A tutto ciò pensavano i tre il 16 novembre, appena rientrati a casa dopo il forzoso soggiorno presso il convento delle generose suore Passioniste di Signa; di fronte a tanta devastazione, l’impotenza lo sconcerto li pervase… gelato dallo sgomento il loro cuore in mezzo alle viscere si strusse cera molle al lume di candela… gli occhi e la gola polle inaridite.
Il figlio soffermò lo sguardo su una delle inferriate delle due finestre del salone a pianoterra. Le nove sbarre di ferro verticali, spesse schiacciate come lesène con la sommità lavorata nell’acume di robuste punte di lancia, s’intersecavano al mezzo, ortogonali, con altre tre poste in orizzontale… tutte e nove lisce diritte, tranne la quarta, al centro, deformata in un punto, avvitata su se stessa:
“Ero in sala –risuona la voce del babbo nella memoria del giovane- e… gli Americani Oltrarno all’impazzata sparavano sui Tedeschi in ritirata verso il nord Italia… dalla finestra aperta un grosso proiettile colpisce la grata… batte stride e fa scintille il ferro col ferro… la sbarra percossa di sfrisio si slabbra attorcigliandosi… il proiettile devìa la propria traiettoria… mi sfiora un orecchio che sanguina un poco… si conficca tra le pietre di questa parete… io salvo! Lo vedi, lì?! Il buco con nel cuore la palla deformata?! Non l’ho mai fatta estrarre né tappare il foro… ci ricorda che siamo scampati alla guerra… ora tutto potremo affrontare… insieme.”
Il figlio notò un oggetto incastrato nell’inferriata…ed ecco… una buffa statuetta di un buffo guerriero longobardo in ceramica con tanto di armatura, elmo, lancia e scudo in peltro e due piedi enormi in sandali che lasciavano scoperti gli alluci turgidi sgraziati.

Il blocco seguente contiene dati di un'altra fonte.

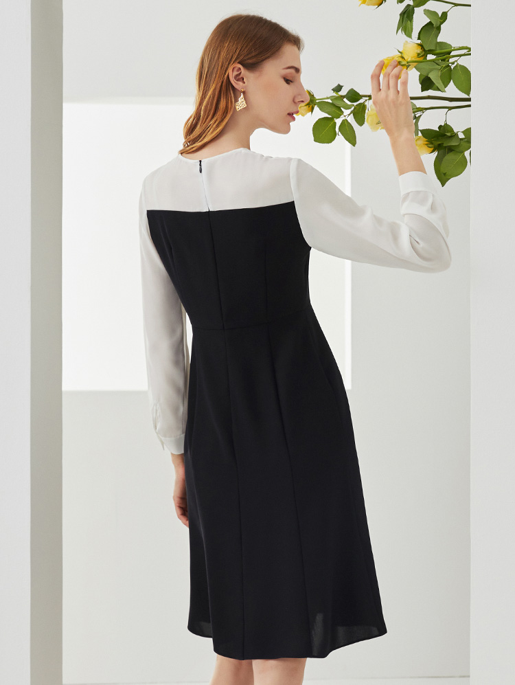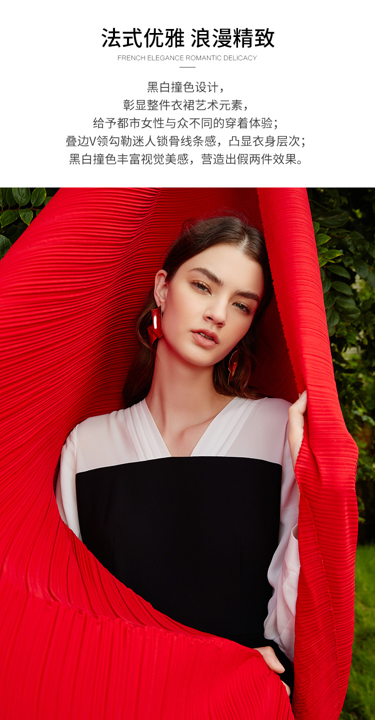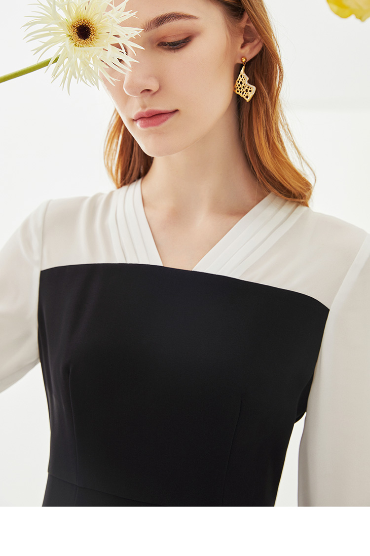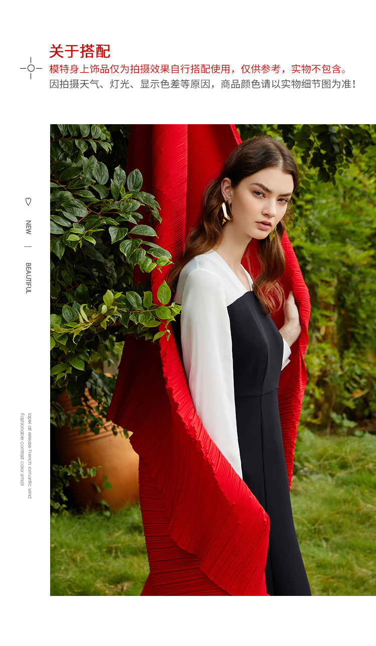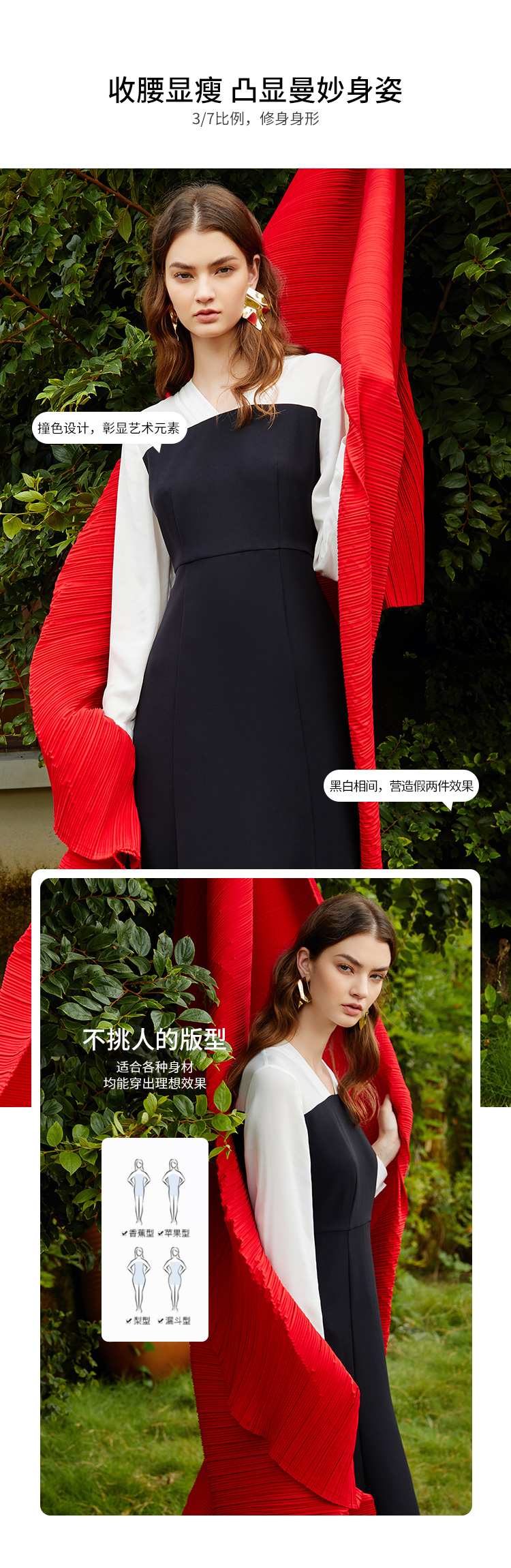 EITIE爱特爱新款时尚气质V领收腰撞色A版显瘦连衣裙C2107818
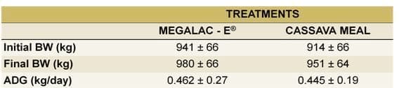 Semen of bulls supplemented with rumen bypass fat had a 11% increase in vigor (3.62 vs 3.26) than semen of bulls supplemented with cassava meal (p=0.07) (Table 3).
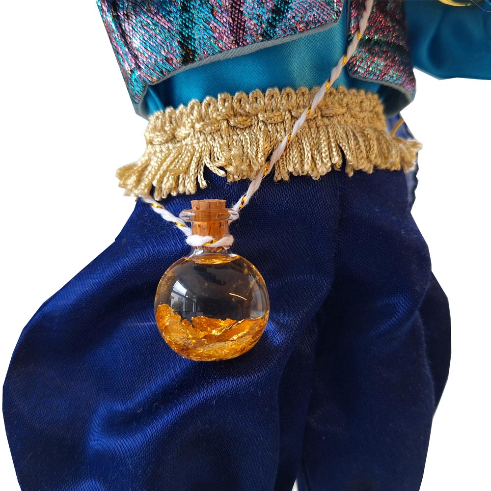 Ich habe diese Flaschen auf einer Messe gefunden und wollte sie gerne meinen Kunden zur Verfügung stellen, weil sie an unseren Figuren sehr toll wirken. Wir haben sie durch eine schöne goldglitzernde Schnur ergänzt, die zum Umhängen an die Figur benötigt wird.
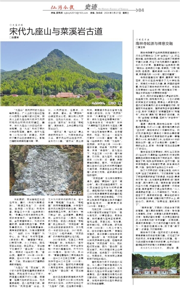 在这条古道的西端起点凤顶村溪边,笔者于2022年10月发现两方宋代石刻。这两方石刻位于“九座寺”门前,应当是该寺僧人所刻。周围诸多桥梁也留有九座寺僧人的石刻,比如“凤顶桥”刻字“大清乾隆丁丑年(1757年)仲秋九座寺主持惠亮修桥”、九座寺后东北“中后桥”刻字“大清乾隆丁丑年仲秋九座住人慧亮……”、九座寺东“尾厝桥”刻字“住山无言施钞募缘,主缘僧明极、无咎、无□仝……后至元戊寅岁(1338年)重造”等。乾隆《仙游县志》所载“九座桥”,在院前,宋天圣二年(1024年)僧法本建,可能是“凤顶桥”前身;另有“侍者桥”,在九座山下,天圣三年(1025年)僧大辩建;双济桥,在九座村,宋宝祐四年(1256年)纪一倡建,县尉黄岩孙撰记。显然,“凤菜古道”南线在宋代已经形成成熟完善的交通干道,并得到社会各界包括僧人的有力支持,能够得到经常性的维护。
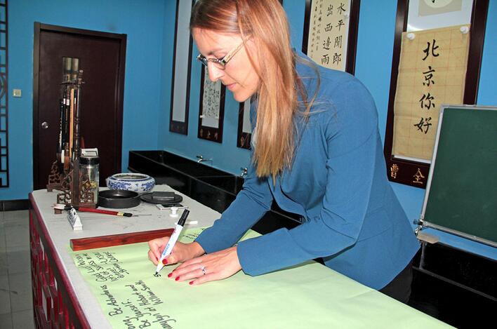 近期力邁中美國(guó)際學(xué)校舉辦了一場(chǎng)隆重的美國(guó)大學(xué)招生官見面會(huì),邀請(qǐng)了與力邁中美國(guó)際學(xué)校合作的十所美國(guó)大學(xué)(如美國(guó)塔夫茨大學(xué)等)的招生官及招生主任來(lái)到力邁中美,代表們?cè)诂F(xiàn)場(chǎng)與學(xué)生及家長(zhǎng)們面對(duì)面,就美國(guó)大學(xué)的招生和錄取等問題進(jìn)行深入的交流和互動(dòng),并且還來(lái)到校園內(nèi)的力邁書畫苑,感受文房四寶的墨香,品味中國(guó)文化的魅力。在這里,他們不僅是名校的招生官,還是被書法之魂所深深吸引的外國(guó)友人。

“Perbacco… il soldatino… il dono un po’ irriverente della ragazza fiorentina che ho incontrato l’estate passata… a San Vincenzo… ci conosciamo solo da pochi mesi, ma… che fuoco m’ha acceso nell’anima…”.

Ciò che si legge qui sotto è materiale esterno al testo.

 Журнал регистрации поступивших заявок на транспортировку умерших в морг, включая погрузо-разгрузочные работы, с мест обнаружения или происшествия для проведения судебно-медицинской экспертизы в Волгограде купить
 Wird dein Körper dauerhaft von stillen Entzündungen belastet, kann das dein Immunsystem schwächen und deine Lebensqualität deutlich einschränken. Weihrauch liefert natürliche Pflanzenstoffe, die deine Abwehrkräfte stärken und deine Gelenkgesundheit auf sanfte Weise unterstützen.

Giunto al mare fresco fresco di congedo militare, il ragazzo le aveva raccontato tutte le sue recenti peripezie della naja; lei, dopo averlo ascoltato paziente per tutta la vacanza, in uno dei loro primi appuntamenti fiorentini gli aveva regalato tra il serio e il faceto la tenera e goffa statuetta del soldatino longobardo, come a dire:
“Hai superato indenne la leva… da artificiere!… tra ordigni inesplosi da disinnescare… tra polvere pirica e nitroglicerina… ora potrai affrontare tutto a questo mondo!” Ed ecco che egli risentì su di sé il profumo di lei, lo sguardo ora tenero ora sorridente, il corpo armonioso e a voce alta con una pala in mano disse:
“Babbo, mamma, su diamoci da fare… un po’ per volta rimetteremo a posto la casa, anzi la faremo rifiorire… alla radio dicono che da tutto il mondo sono giunti a Firenze alluvionata volontari per prestarle soccorso… qualcuno aiuterà anche noi… e poi, come si dice, aiutati che Dio ti aiuta! Tu, però, mamma, non ti sforzare e lascia i lavori pesanti a noi due che siamo uomini…” poi, guardando all’esterno l’utilitaria bianca incastrata nel cancello, aggiunse a mezza voce:
“Ricomprerò anche la FIAT 500… a Firenze qualcuno mi aspetta!” e di buona lena iniziò a spalare melma, vigorosamente.